Smothermoss, p.1
Smothermoss, page 1

For my mountain
IT IS HAPPENING AGAIN.
Snow melts, the crust of frost cracks and heaves. Water sinks belowground, swelling channels. Sap rises. Wild garlic sprouts, arbutus creeps, and bloodroot quickens. Curved shoots of spotted skunk cabbage thrust toward the light.
Beetle larvae wake and gorge. Red-tailed hawks wheel and shriek. Gusts sweep a fledgling from the nest, hard smack on the ground. The countless populations that call this mountain home are waking, but the seeds of decline are already sown. Eggshells soften, limbs fail to form, leaves wither and curdle, water roils brackish and sour.

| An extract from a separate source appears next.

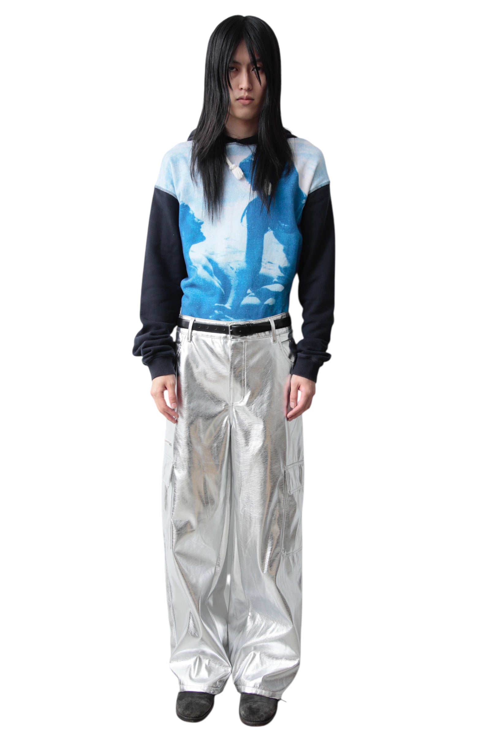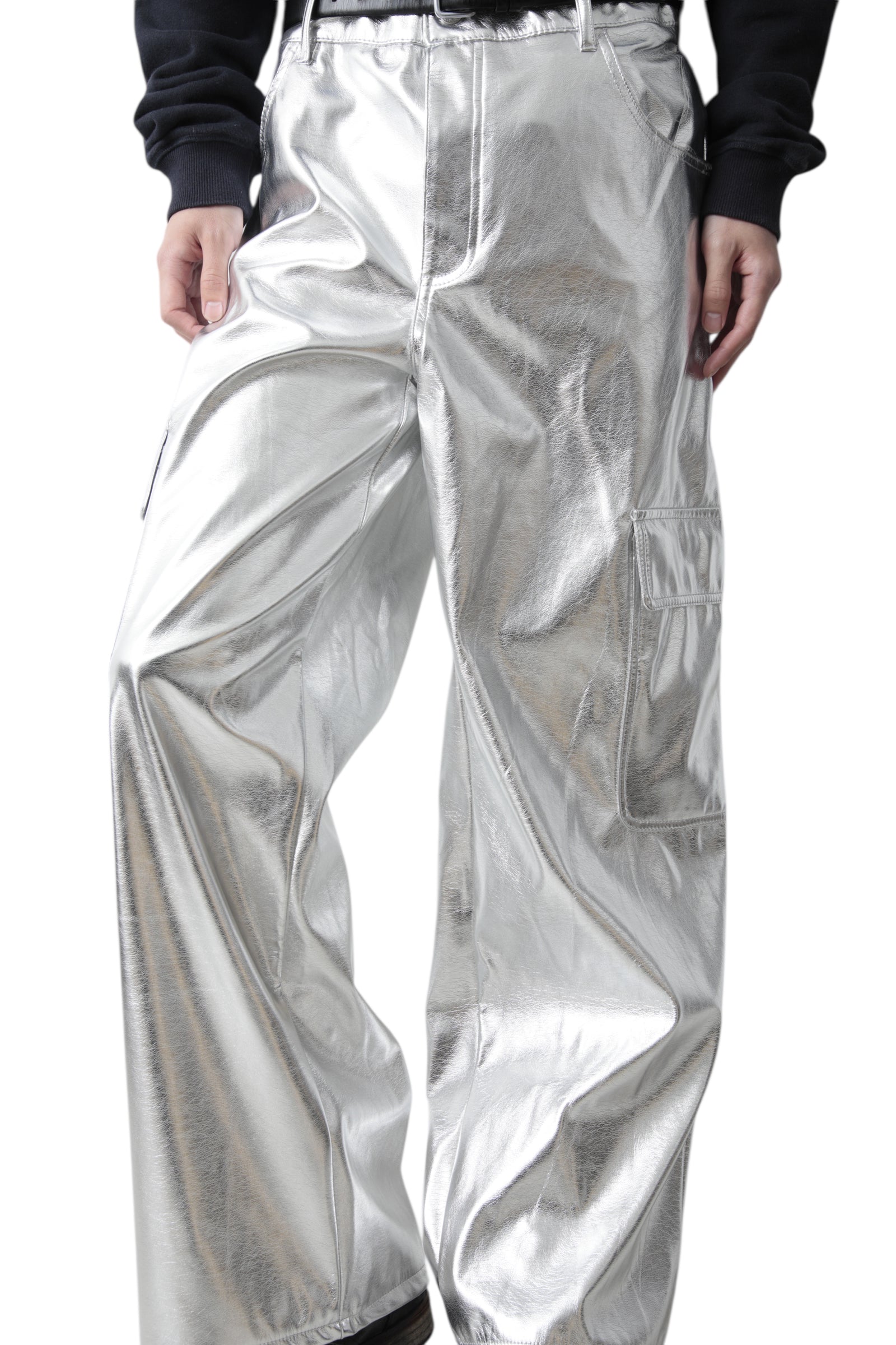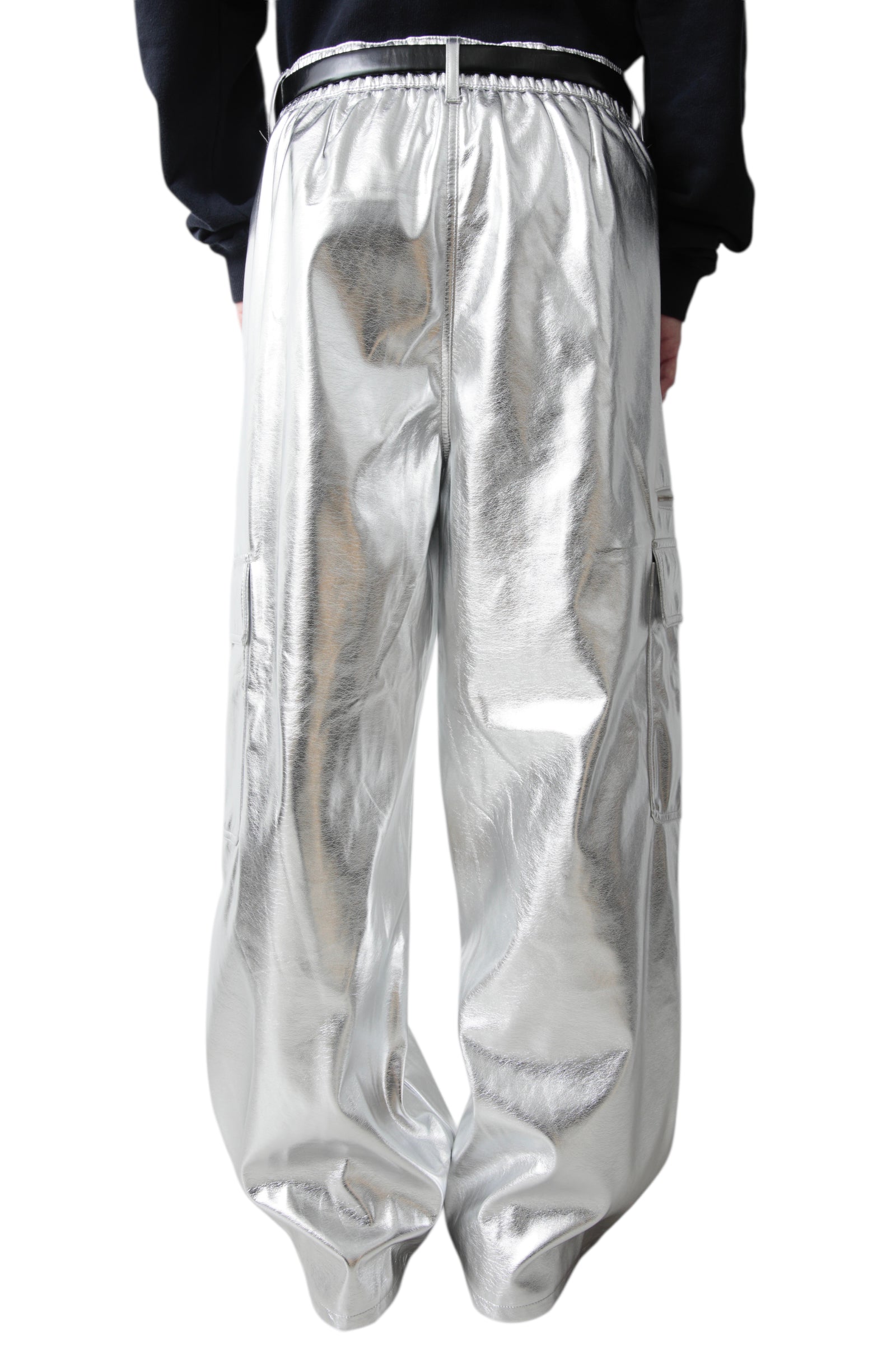 SILVER COATED WIDE CARGO PANTS

Overhead, the stars, distant cold brothers who knew the world before the mountain was formed, revolve unmoved. Redness flares. Scabs multiply, membranes stretch thin.
That’s the moment when unpredictable things seep in.
ONE
The Tangle of Rabbits
SHEILA KNOWS SHE IS SUPPOSED TO LOVE HER SISTER. But it’s hard when Angie is snoring into her stinking bedclothes in the room they share under the uninsulated eaves. Sheila’s side is threadbare and neat, the quilt on her bed stitched from scratchy pieces of men’s suits: charcoal, slate pinstripe, and February sky.
Angie’s side—but that’s the problem, because Angie doesn’t keep to her side. She sprawls like a dog flopped in the mud on a hot summer day. Like the poison ivy twining through the blackberry canes and spreading all over the shady side of the house. Cut down the tangle and in six weeks it will grow back twice as thick.
Sheila, though, likes to know where things are. That if she needs to, she can walk into the room with her eyes closed and put her hand on the thing she wants. There isn’t much you can count on in life, but most of the time, things stay where you leave them. Things don’t get into fights at the Skyline Inn and draw a knife on the bartender when he tells you to settle down or get out and then get taken away in handcuffs and sentenced to three years in the penitentiary upstate. They don’t die in a motorcycle accident before you get to know them. They don’t haul you off to live in town with some man who smells like smoke and sweat and gasoline and get pregnant with a sister you will never understand only to sneak you all out in the dark one night with only the clothes on your back and creep back in with the old woman on the mountain where you were born. No, things are reliable.
Angie doesn’t have a quilt. Her clothes are mixed with her blankets and her shoes and the comic books she steals when she is sent to buy milk at the store in town. Her pillow is tumbled on the floor with the stuffing leaking across the tattered rug, the whole mess scattered with the dog-eared pack of index cards Angie keeps bundled in a rubber band and is always taking out and shuffling and drawing on.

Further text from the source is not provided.